◆ **Data for this task**:

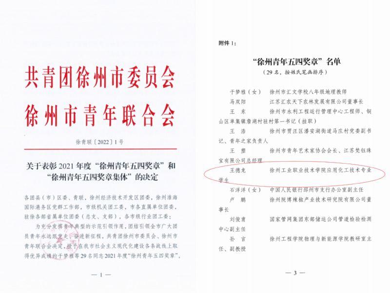 近日,由共青团徐州市委员会、徐州市青年联合会决定,授予在我市社会主义现代化建设各条战线上取得优异成绩的29名同志2021年度“徐州青年五四奖章”,授予15个集体2021年度“徐州青年五四奖章集体”。我校青年王德龙荣获“徐州青年五四奖章”,这是唯一获此殊荣的在徐学生。
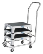 Extra Large platform. Slip resistant corrugated rubber top surface. Tip resistant design. Heavy gauge legs and handles. Transport cart available for convenient storage and mobility. Stainless steel construction. Can stack safely for increased height and interlock to create larger platform. Dimensions: 14"D x 19"W x 6"H.
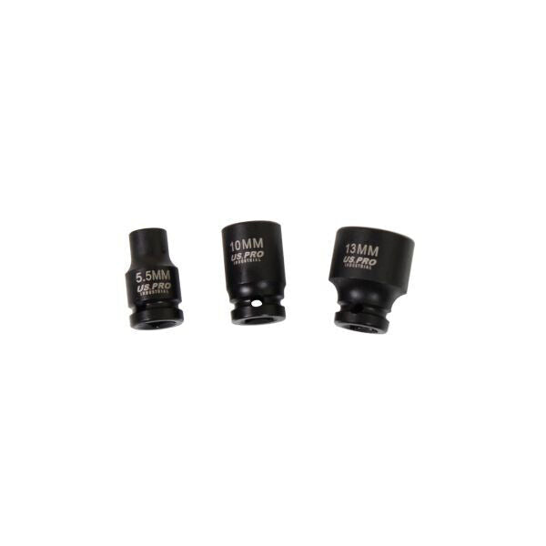 14PC 1/4" DR 6 PT SHALLOW IMPACT SOCKETSGenuine US Pro Industrial 1/4" Drive Shallow Impact socket setAvailable to buy online and instore at SBW Trading Limited DarlingtonSizes: 4, 4.5, 5, 5.5, 6, 7, 8, 9, 10, 11, 12, 13, 14 and 15mmAll 1/4" Drive6 PointSupplied on storage rail.CR-MO
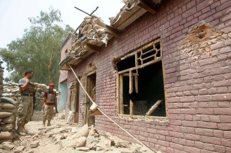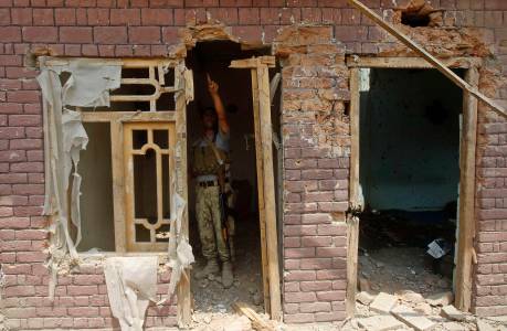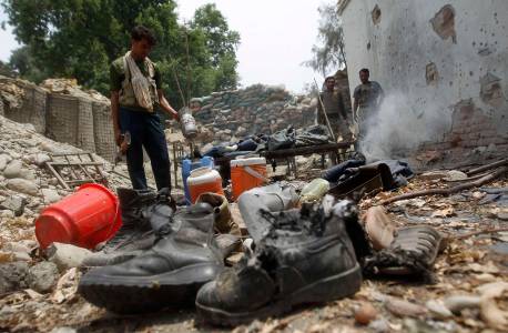 Afghan policemen inspect a destroyed police checkpoint, which a NATO aircraft had mistakenly attacked during a clash between Afghan special forces and a group of Taliban fighters at the checkpoint, at the Bati Kot district of Nangarhar province, August 1, 2013. Afghanistan's NATO-led force has launched an investigation into the accidental killing of five Afghan policemen in a U.S. air attack during an overnight operation, the force said on Thursday. REUTERS/ Parwiz (AFGHANISTAN - Tags: CIVIL UNREST POLITICS)
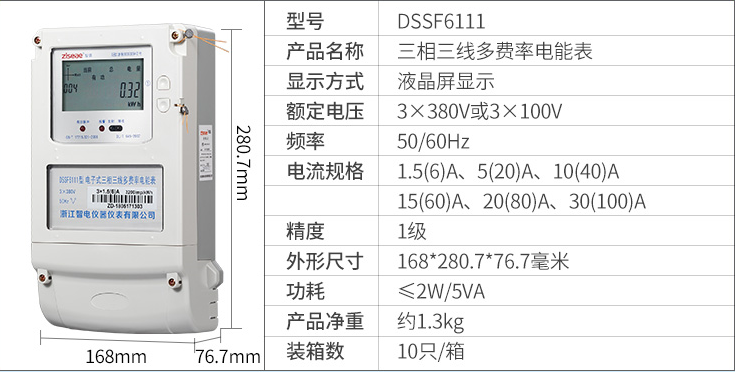 DTSF6111三相四線 DSSF6111三相三線電子式多費率電能表(尖峰平谷電表)是我公司開發(fā)的,具有分時計量用戶所用電能功能,并可實現(xiàn)多種用電費率計費和集中抄表功能的電能計量電能表,該表技術性能符合GB/T17215.321-2008《1級和2級電子式交流有功電度表》和GB/T15284-2002《復費率(分時)電度表》國家標準的要求,適用于計量額定頻率為50Hz或60Hz三相交流有功電能。
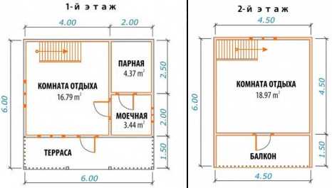 Выбор размера бани зависит от величины участка. Если вы являетесь владельцем большой по площади территории, то можете позволить себе сделать просторную баню, но главное не переусердствовать. Чем больше площадь парной, тем дольше она будет нагреваться, что увеличивает расход топлива.
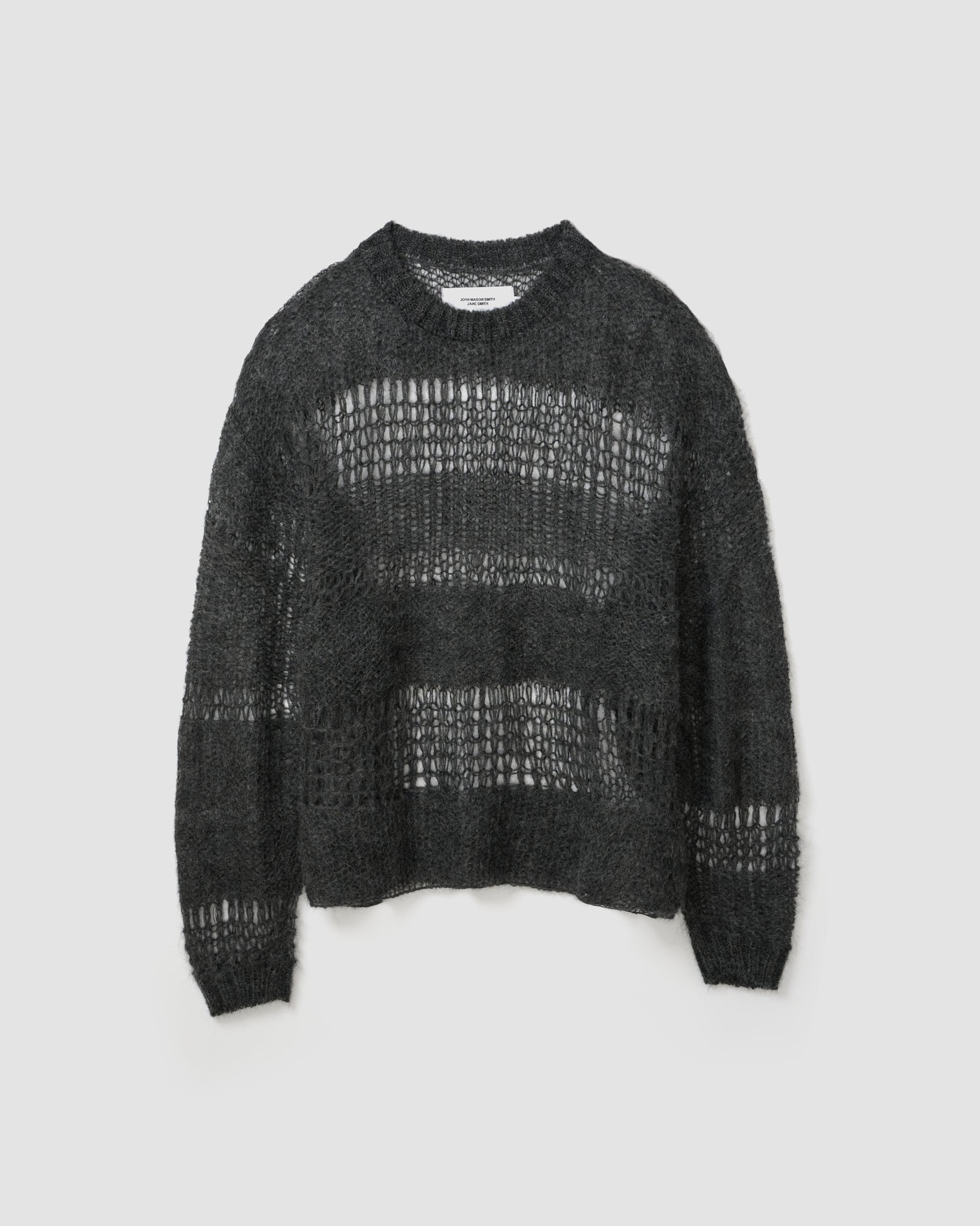 MOHAIR RANDOM BORDER CREW KNIT - GRAY
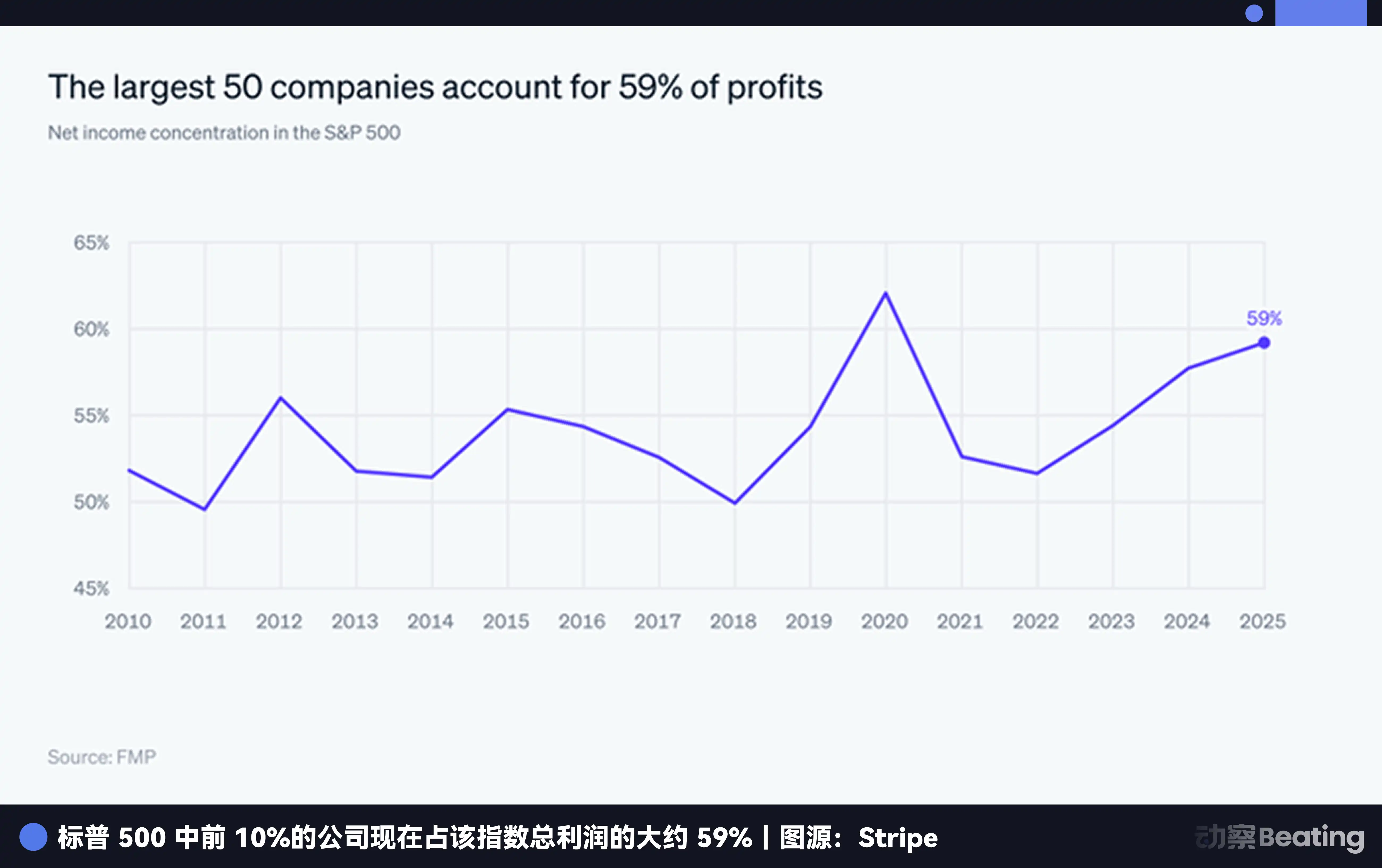 Stripe 在信中引用了一組數據:美國盈利能力最強的 1/3 上市公司,拿走了整個股市 2/3 的市值,這是自 1963 年有數據以來的最高比重。摩根大通在 2026 年初的展望中也講述了贏家通吃的現狀,指出市場過度集中的情況。標普 500 裡 10% 的頭部公司,貢獻了 59% 的利潤。

◆ **What needs to be done**: With the pictures left out, give again exactly the lines from the one that contains "Afghan policemen inspect" through the final line of the data above.

◆ **Response area**:
 Afghan policemen inspect a destroyed police checkpoint, which a NATO aircraft had mistakenly attacked during a clash between Afghan special forces and a group of Taliban fighters at the checkpoint, at the Bati Kot district of Nangarhar province, August 1, 2013. Afghanistan's NATO-led force has launched an investigation into the accidental killing of five Afghan policemen in a U.S. air attack during an overnight operation, the force said on Thursday. REUTERS/ Parwiz (AFGHANISTAN - Tags: CIVIL UNREST POLITICS)
 DTSF6111三相四線 DSSF6111三相三線電子式多費率電能表(尖峰平谷電表)是我公司開發(fā)的,具有分時計量用戶所用電能功能,并可實現(xiàn)多種用電費率計費和集中抄表功能的電能計量電能表,該表技術性能符合GB/T17215.321-2008《1級和2級電子式交流有功電度表》和GB/T15284-2002《復費率(分時)電度表》國家標準的要求,適用于計量額定頻率為50Hz或60Hz三相交流有功電能。
 Выбор размера бани зависит от величины участка. Если вы являетесь владельцем большой по площади территории, то можете позволить себе сделать просторную баню, но главное не переусердствовать. Чем больше площадь парной, тем дольше она будет нагреваться, что увеличивает расход топлива.
 MOHAIR RANDOM BORDER CREW KNIT - GRAY
 Stripe 在信中引用了一組數據:美國盈利能力最強的 1/3 上市公司,拿走了整個股市 2/3 的市值,這是自 1963 年有數據以來的最高比重。摩根大通在 2026 年初的展望中也講述了贏家通吃的現狀,指出市場過度集中的情況。標普 500 裡 10% 的頭部公司,貢獻了 59% 的利潤。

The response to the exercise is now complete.